--- Task requirements ---
From the first line to the last, copy the data exactly and drop the pictures.

Stored items from a collection

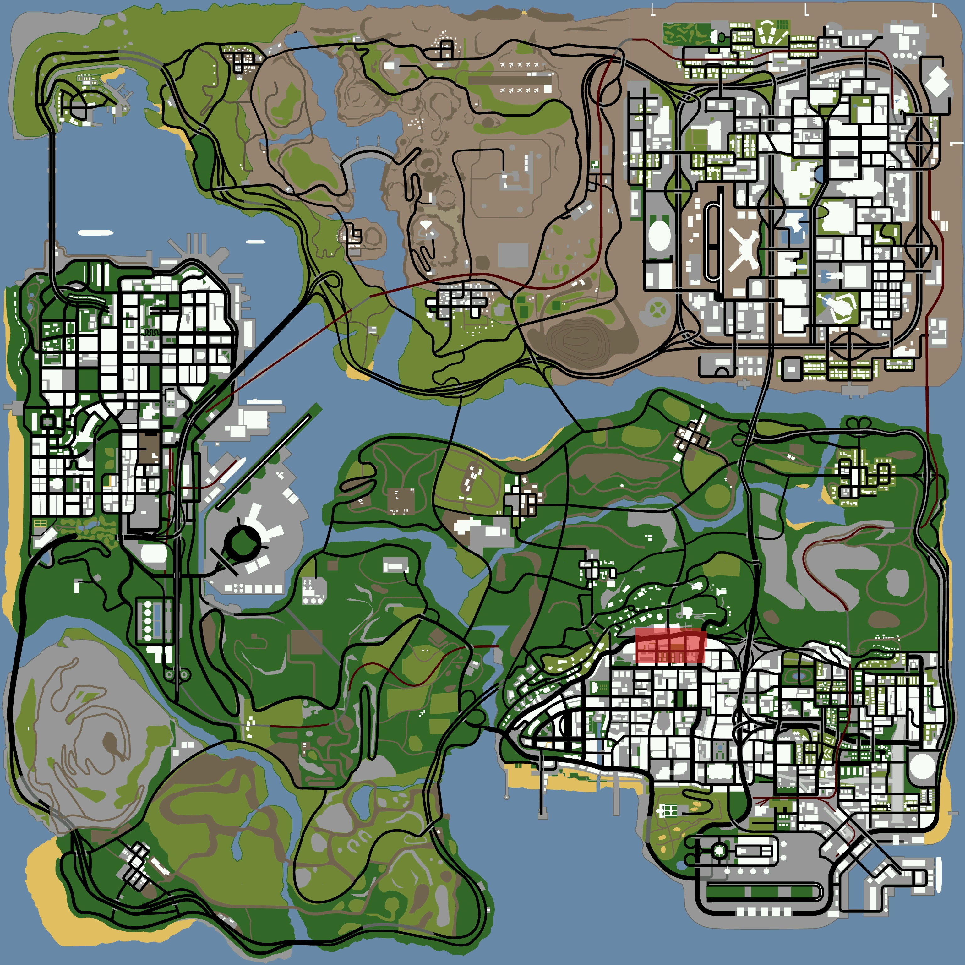 - Temple used to be called Sunrise and this still appears on the official San Andreas game website map [3].
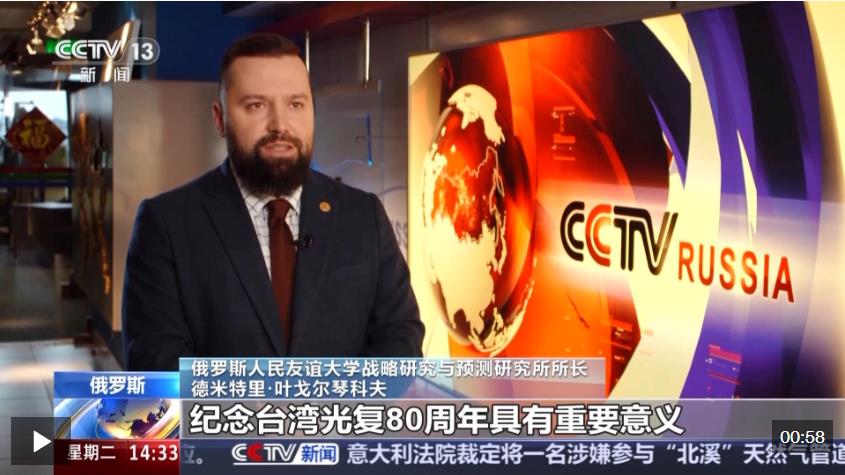 俄羅斯人民友誼大學(xué)戰(zhàn)略研究與預(yù)測研究所所長 德米特里·葉戈?duì)柷倏品颍杭o(jì)念臺灣光復(fù)80周年具有重要意義,象征著中國人民心向統(tǒng)一。戰(zhàn)勝日本軍國主義是世界反法西斯戰(zhàn)爭的重要組成部分,這一歷史應(yīng)該被銘記。
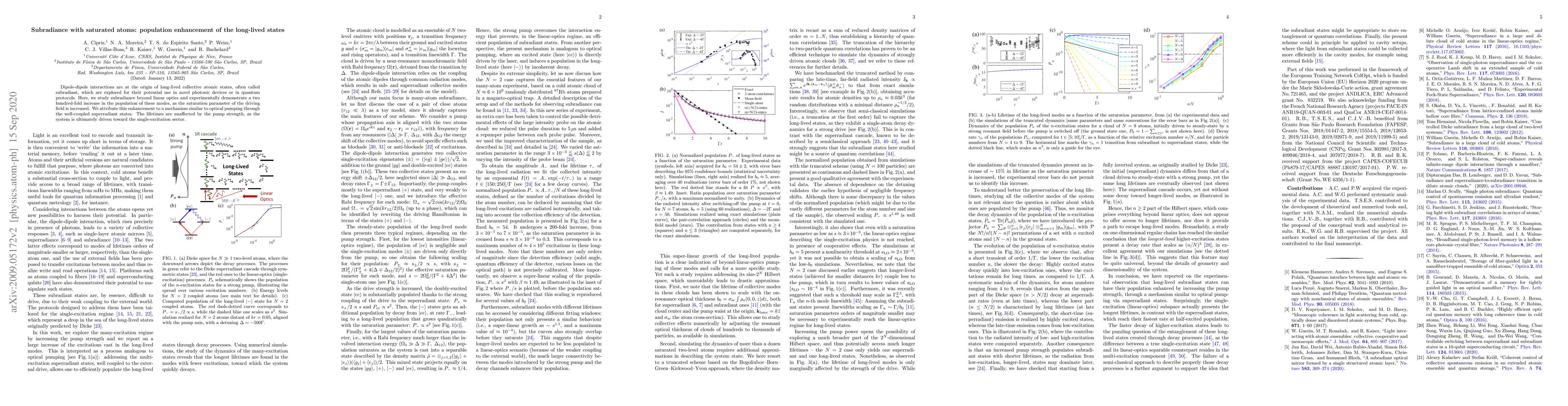 This paper explores enhanced population in subradiant atomic states via dipole-dipole interactions, demonstrating a 200-fold increase in these states' population through saturation, akin to optical pumping, without affecting their lifetimes.
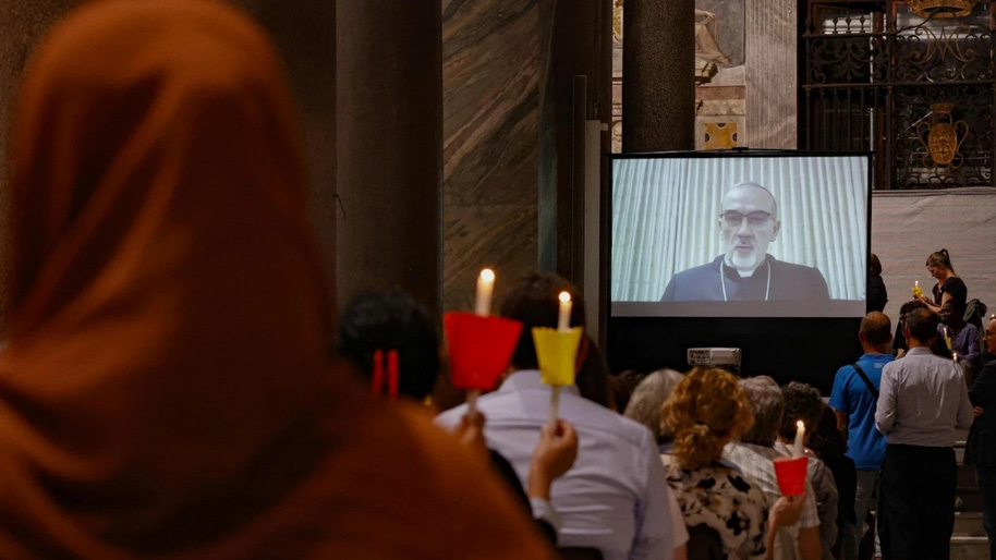 La vigilia, fue organizada en respuesta al llamamiento urgente del papa León XIV, quien en los últimos días había pedido un alto el fuego inmediato, la liberación de los rehenes y el estricto cumplimiento del derecho internacional humanitario.
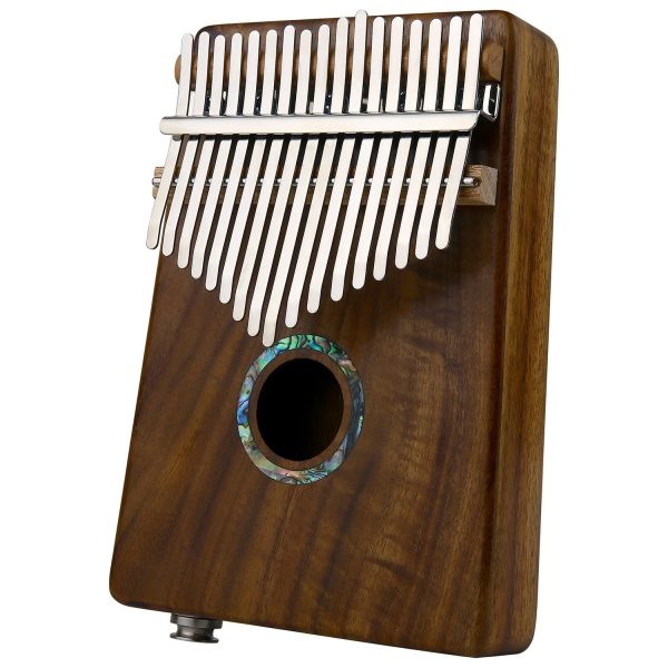 Featuring a natural finish to bring out the orange highlights in Koa, this Kalimba uses a beautiful pearl inlay rosette as a final touch.
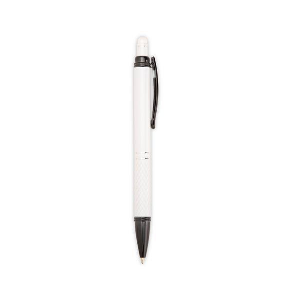 Caneta metálica com textura próximo à ponta, detalhes em plástico e acabamento emborrachado no topo para o uso em dispositivos com telas sensíveis ao toque. Conta ainda com acionamento por clique e carga esferográfica azul de 1,0mm. Altura : 13,9 cm Largura : 1,6 cm Peso aproximado (g): 19

--- Exercise result ---
 - Temple used to be called Sunrise and this still appears on the official San Andreas game website map [3].
 俄羅斯人民友誼大學(xué)戰(zhàn)略研究與預(yù)測研究所所長 德米特里·葉戈?duì)柷倏品颍杭o(jì)念臺灣光復(fù)80周年具有重要意義,象征著中國人民心向統(tǒng)一。戰(zhàn)勝日本軍國主義是世界反法西斯戰(zhàn)爭的重要組成部分,這一歷史應(yīng)該被銘記。
 This paper explores enhanced population in subradiant atomic states via dipole-dipole interactions, demonstrating a 200-fold increase in these states' population through saturation, akin to optical pumping, without affecting their lifetimes.
 La vigilia, fue organizada en respuesta al llamamiento urgente del papa León XIV, quien en los últimos días había pedido un alto el fuego inmediato, la liberación de los rehenes y el estricto cumplimiento del derecho internacional humanitario.
 Featuring a natural finish to bring out the orange highlights in Koa, this Kalimba uses a beautiful pearl inlay rosette as a final touch.
 Caneta metálica com textura próximo à ponta, detalhes em plástico e acabamento emborrachado no topo para o uso em dispositivos com telas sensíveis ao toque. Conta ainda com acionamento por clique e carga esferográfica azul de 1,0mm. Altura : 13,9 cm Largura : 1,6 cm Peso aproximado (g): 19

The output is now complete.